Existing networks treat each channel-wise feature equally, lacking the ability to distinguish the importance of channel-wise features, and impeding the representational ability of networks. Moreover, current approaches usually use strided convolution and deconvolutional layer to reduce or enlarge the size of features, which results in the loss of spatial information and further limits the dense estimation task.
To address the problem of feature recalibration, we introduce channel attention unit and dilated convolution into network for optical flow estimation. Most recent work [15] introduces a channel-wise attention network for image classification, which can recalibrate channel-wise feature responses by explicitly modelling interdependencies between channels. In our network, we adopt channel attention module to adaptively learn more useful channel-wise features. In order to solve the problem of spatial information loss and the limitation of perception field, we introduce dilated convolution into our network. The dilated convolution is widely used in pixel-level tasks, such as semantic segmentation and image super-resolution. In these works, the dilated convolution is employed to keep the resolution of features. The dilated convolution has two advantages. (1) It can enlarge the receptive fields of convolutional kernel. (2) The resolution of feature map can be kept without using large computational source. Due to the mentioned advantages, we employ the dilated convolution in our network for producing more sharper flow fields.

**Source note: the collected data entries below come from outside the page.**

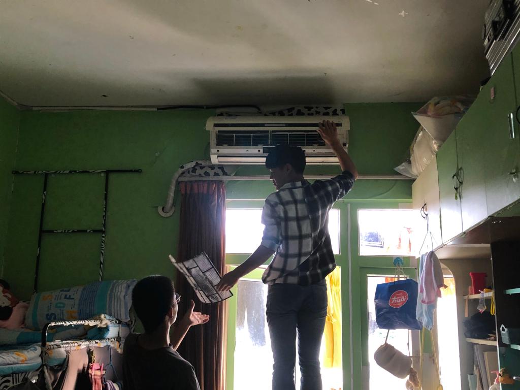 活动开始前,各班级代表接受了相关理论指导,熟悉空调清洗步骤及要领,并认真观看视频演示。随后,各班级男生代表充分发挥“不怕脏不怕累”的精神,主动上门,有条不紊的帮助女生宿舍清洗空调,大家分工合作,干劲十足。有的同学在帮助本班同学清洗空调后还自发地帮助其他专业的女生宿舍清洗空调,迎来一致好评。最后,各年级辅导员也叮嘱同学们要注意用电安全和适时使用,当宿舍无人时要及时关闭空调,夏天来了莫要太贪凉。
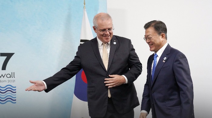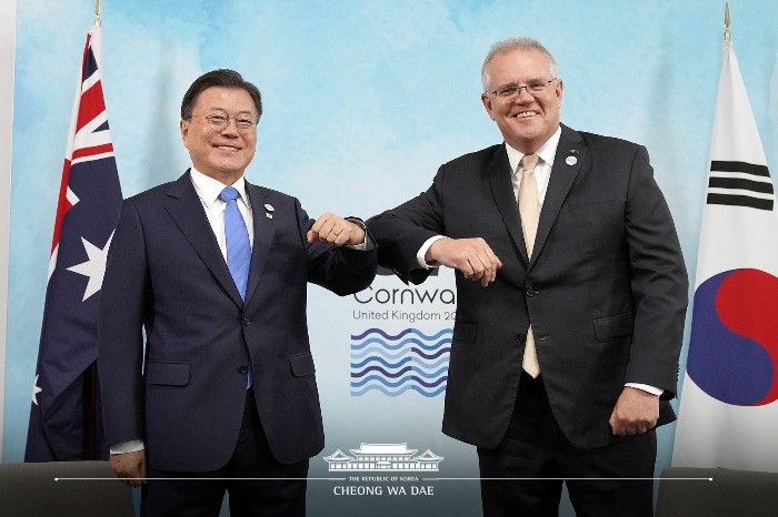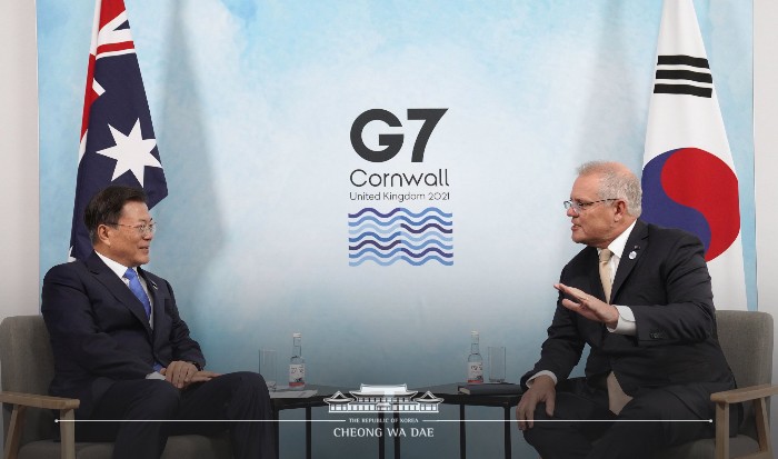 G7 정상회의에 참석한 문재인 대통령은 6월 12일 현지시간 오전 10시 호주 스콧 모리슨 총리와 정상회담을 가졌습니다.
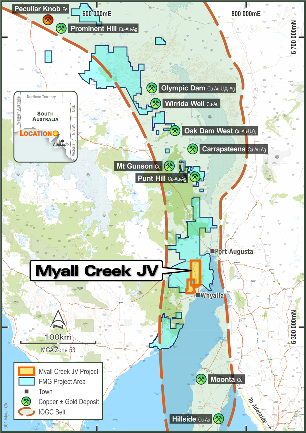 In 2019 Fortescue entered into a Farm-in and Joint Venture (FJV) covering Myall Creek which requires Fortescue to fund $1.5m in exploration including 1,500m of drilling over a five-year period. To date, FMG have entered into a Native Titel Agreement, completed a detailed airborne magnetic survey and a ground gravity survey.
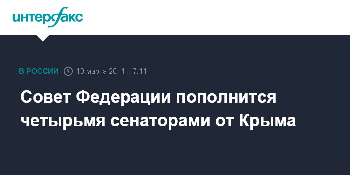 Москва. 18 марта. INTERFAX.RU - В связи с вхождением Крымского полуострова в состав РФ в Совете Федерации ожидают четырех новых сенаторов, сообщил член верхней палаты российского парламента Вадим Тюльпанов.
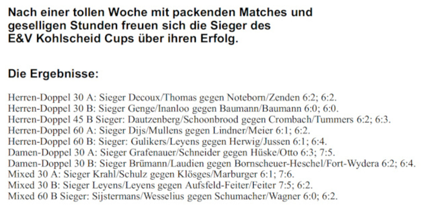 Ergebnisse des Engel & Völkers Kohlscheid-Cup 2019
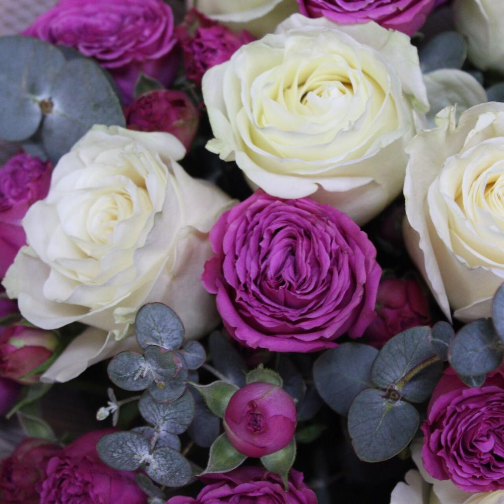 Роза Эквадор Премиум – 7 шт.роза пионовидная кустовая классик сенсейшн – 5 шт.Эвкалипт Baby Blue – 5 шт.Пленка матовая – 4 шт.Лента атласная – 2 шт.
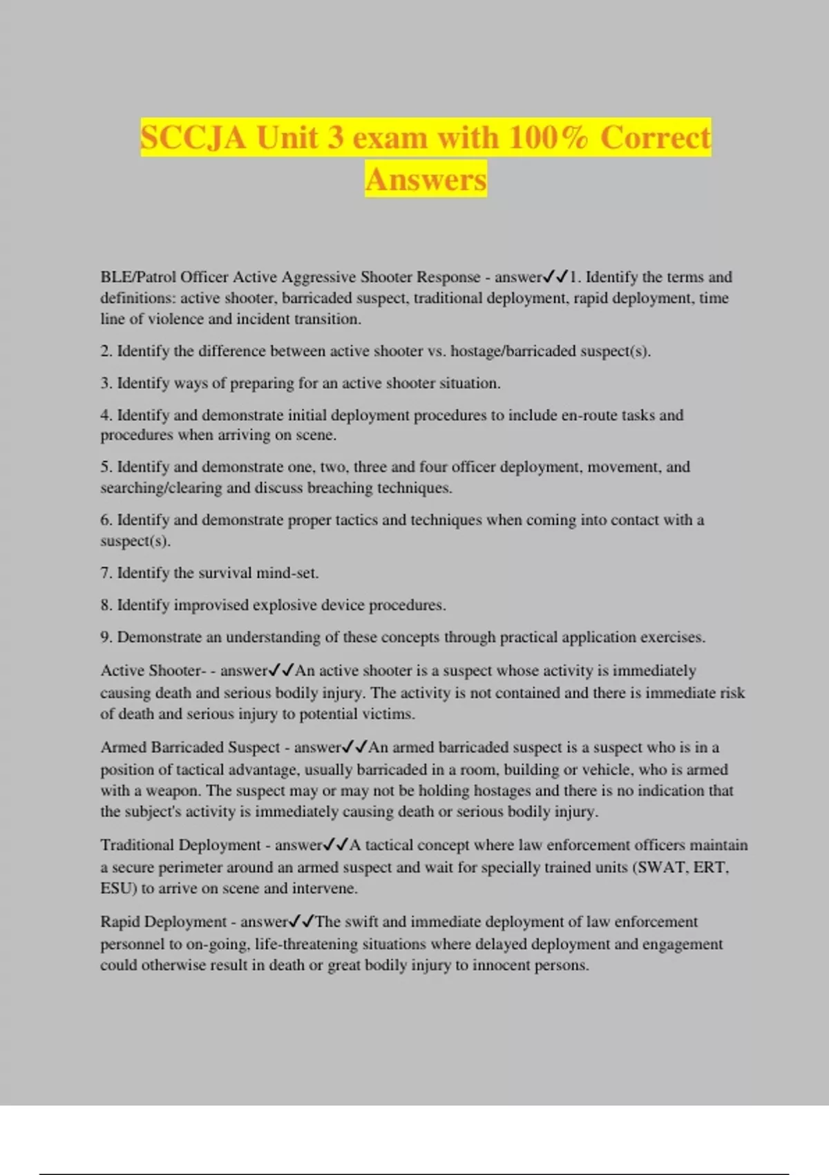 SCCJA Unit 3 exam with 100% Correct Answers BLE/Patrol Officer Active Aggressive Shooter Response - answer1. Identify the terms and definitions: active shooter, barricaded suspect, traditional deployment, rapid deployment, time line of violence and incident transition. 2. Identify the difference between active shooter vs. hostage/barricaded suspect(s). 3. Identify ways of preparing for an active shooter situation. 4. Identify and demonstrate initial deployment procedures to include en-route tasks and procedures when arriving on scene. 5. Identify and demonstrate one, two, three and four officer deployment, movement, and searching/clearing and discuss breaching techniques. 6. Identify and demonstrate proper tactics and techniques when coming into contact with a suspect(s). 7. Identify the survival mind-set. 8. Identify improvised explosive device procedures. 9. Demonstrate an understanding of these concepts through practical application exercises. Active Shooter- - answerAn active shooter is a suspect whose activity is immediately causing death and serious bodily injury. The activity is not contained and there is immediate risk of death and serious injury to potential victims. Armed Barricaded Suspect - answerAn armed barricaded suspect is a suspect who is in a position of tactical advantage, usually barricaded in a room, building or vehicle, who is armed with a weapon. The suspect may or may not be holding hostages and there is no indication that the subject's activity is immediately causing death or serious bodily injury. Traditional Deployment - answerA tactical concept where law enforcement officers maintain a secure perimeter around an armed suspect and wait for specially trained units (SWAT, ERT, ESU) to arrive on scene and intervene. Rapid Deployment - answerThe swift and immediate deployment of law enforcement personnel to on-going, life-threatening situations where delayed deployment and engagement could otherwise result in death or great bodily injury to innocent persons

In this paper, we propose a novel network for optical flow estimation, which introduces channel attention mechanism and dilated convolution into learning optical flow. Our contributions are summarized as follows:
- 1.
To adaptively make the network focus on more informative features and learn more useful channel-wise features, we exploit the interdependencies among feature channels and embed channel attention unit into our network, which can enhance the representational ability of deep convolutional neural network. To the best of our knowledge, we are the first to combine channel attention mechanism with learning optical flow.
- 2.
In order to enlarge the receptive field without increasing filter size and exploit more spatial information in an efficient way, we introduce the dilated convolution into our network, which has been proven to be effective for optical flow estimation in our early work [16]. In this paper, we further design a cascade attention and dilated convolution module to improve the accuracy of flow estimation effectively.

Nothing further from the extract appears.